Blood Brothers is an unusual musical, in that it only actually has a few songs, which are repeated throughout the show, with slight variations. Each character has one or two themes – Mrs Johnstone tells the story of her family through the recurring Marilyn Monroe, while the Narrator warns the characters of their impending doom with The Devil’s Got Your Number, and the twins, Mickey and Eddie, wish themselves into each other’s shoes with That Guy. However, that said, there are a few standalone numbers – Eddie’s wistful love song to Linda, I’m Not Saying a Word, is particularly poignant, especially given what happens next.

Blood Brothers

I was intrigued to see Marti Pellow on stage, having heard mixed reviews of his recent performance in Evita. His Narrator prowls the stage with intense eyes and moments of almost violent aggression as he reminds the two mothers of what they’ve done. Compared to some of the other characters, the Narrator doesn’t have a huge amount to do vocally, but this is a character who’s all about presence, and Pellow certainly delivers on that front. Meanwhile Maureen Nolan reprises her role as Mrs Johnstone, which I always think must be one of the most emotionally demanding parts to play, calling as it does for extremes of happiness and devastation. Like Niki Evans, who I saw in this role before, Nolan looks shattered at the curtain call, as well she might; her closing scene is one of the most powerful in musical theatre.

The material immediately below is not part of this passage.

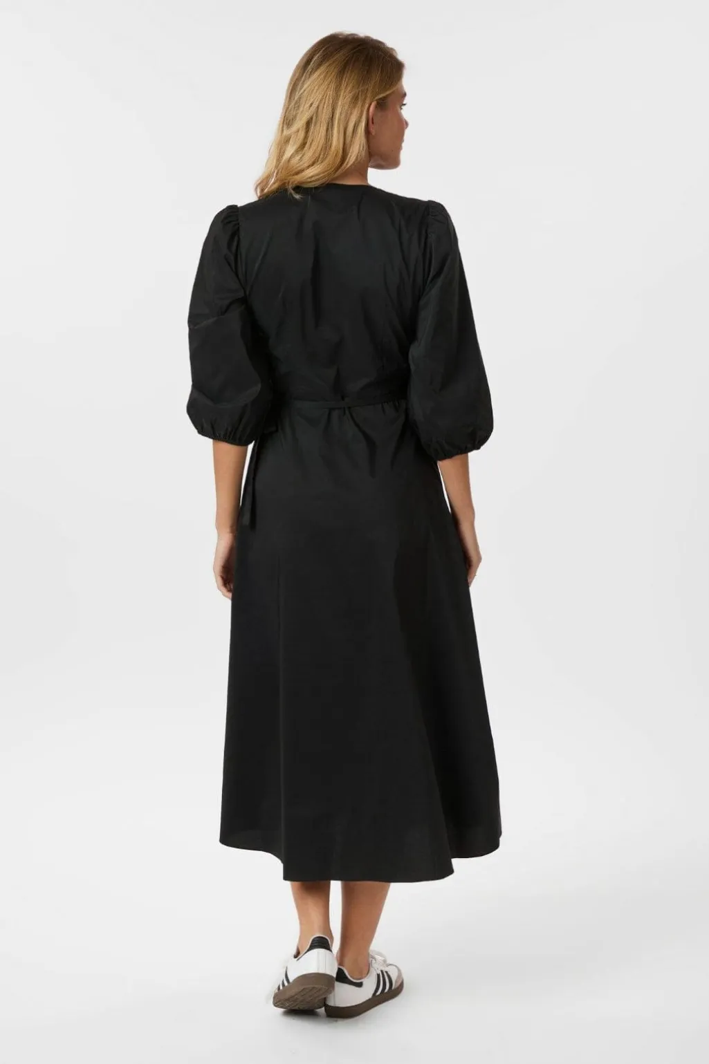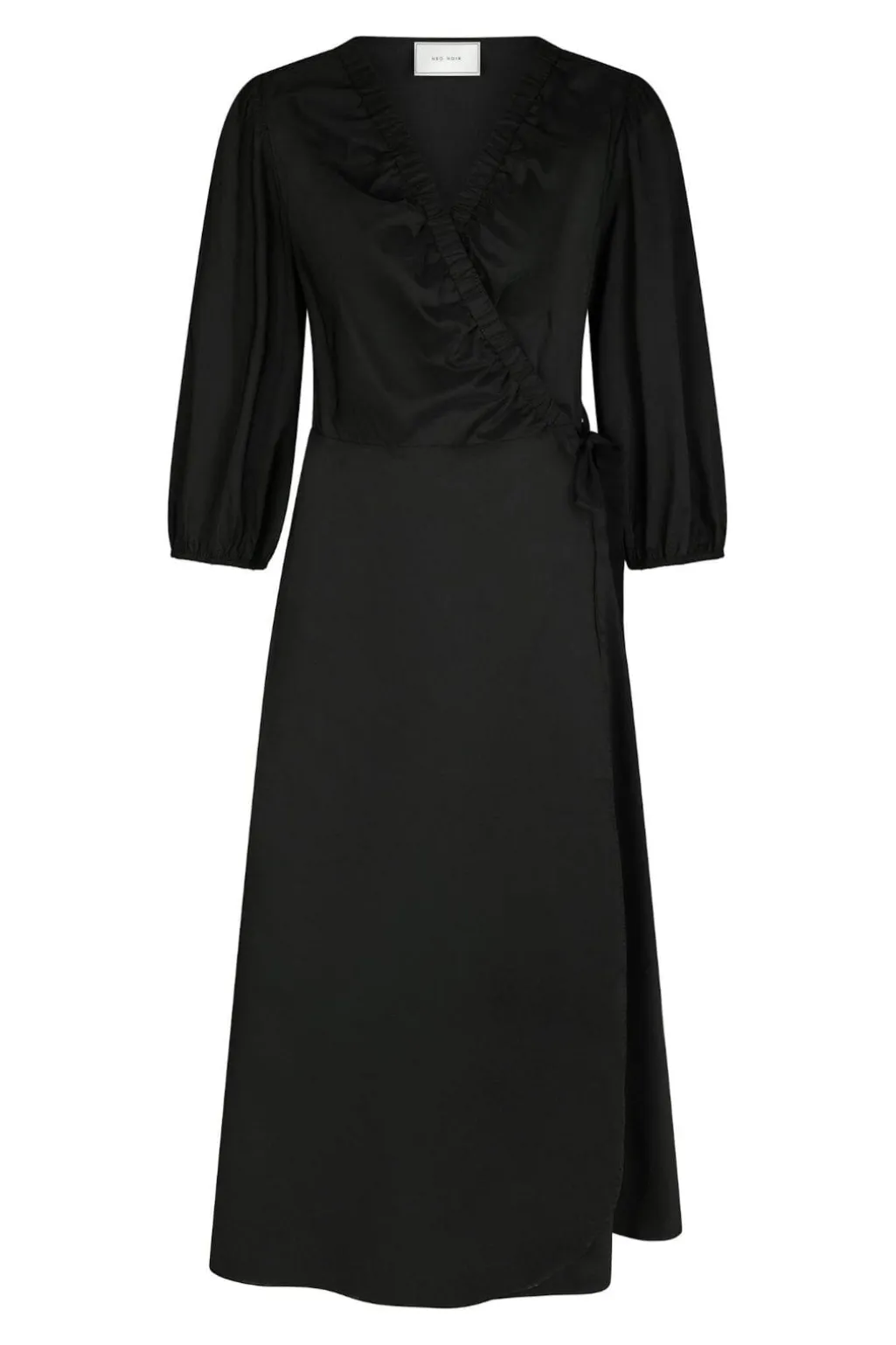 Sort poplin-kjole fra Neo Noir med slå-om-design og V-hals. Kjolen har rynkedetaljer ved udskæringen og et bindebånd i taljen.

But while these may be the ‘headline’ members of the cast, there are plenty of other standout performances: Paula Tappenden is brilliant as the well to do Mrs Lyons, descending into madness as a result of her own made-up superstition. And I doubt there was anyone in the theatre who didn’t leave a little bit in love with Sean Jones, who plays Mickey, the ultimate cheeky chappy. Joel Benedict and Danielle Corlass complete the trio of inseparable friends who ultimately – and perhaps predictably – find themselves embroiled in a love triangle.

Blood Brothers
Picture: Lorne Campbell / Guzelian

If you’ve seen Blood Brothers before, you’ll know it’s brilliant. If you haven’t, I urge you to seize this second chance to catch it. It’s a story about family, and the enduring debate over nature versus nurture. And despite being written in the 1980s, it still feels very contemporary, with its questions about class and poverty. With great music and memorable characters, this is a show not to be missed.

Blood Brothers is at the Marlowe Theatre in Canterbury until 26th September.